Even if the data beneath seems repetitive, write it all out again exactly.

Recorded information =

******

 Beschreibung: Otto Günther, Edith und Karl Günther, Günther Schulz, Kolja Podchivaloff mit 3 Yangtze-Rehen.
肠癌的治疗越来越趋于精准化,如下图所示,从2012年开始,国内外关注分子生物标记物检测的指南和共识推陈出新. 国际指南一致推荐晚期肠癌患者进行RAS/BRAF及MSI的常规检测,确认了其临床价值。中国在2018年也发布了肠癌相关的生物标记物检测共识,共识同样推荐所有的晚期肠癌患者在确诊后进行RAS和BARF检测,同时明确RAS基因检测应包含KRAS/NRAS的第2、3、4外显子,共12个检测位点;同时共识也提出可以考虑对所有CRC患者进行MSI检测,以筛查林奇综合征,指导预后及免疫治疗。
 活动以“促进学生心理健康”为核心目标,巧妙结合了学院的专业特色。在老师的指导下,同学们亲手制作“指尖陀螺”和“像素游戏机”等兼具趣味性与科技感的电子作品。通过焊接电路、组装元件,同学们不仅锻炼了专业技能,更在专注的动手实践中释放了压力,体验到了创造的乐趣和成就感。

******

Result =
 Beschreibung: Otto Günther, Edith und Karl Günther, Günther Schulz, Kolja Podchivaloff mit 3 Yangtze-Rehen.
肠癌的治疗越来越趋于精准化,如下图所示,从2012年开始,国内外关注分子生物标记物检测的指南和共识推陈出新. 国际指南一致推荐晚期肠癌患者进行RAS/BRAF及MSI的常规检测,确认了其临床价值。中国在2018年也发布了肠癌相关的生物标记物检测共识,共识同样推荐所有的晚期肠癌患者在确诊后进行RAS和BARF检测,同时明确RAS基因检测应包含KRAS/NRAS的第2、3、4外显子,共12个检测位点;同时共识也提出可以考虑对所有CRC患者进行MSI检测,以筛查林奇综合征,指导预后及免疫治疗。
 活动以“促进学生心理健康”为核心目标,巧妙结合了学院的专业特色。在老师的指导下,同学们亲手制作“指尖陀螺”和“像素游戏机”等兼具趣味性与科技感的电子作品。通过焊接电路、组装元件,同学们不仅锻炼了专业技能,更在专注的动手实践中释放了压力,体验到了创造的乐趣和成就感。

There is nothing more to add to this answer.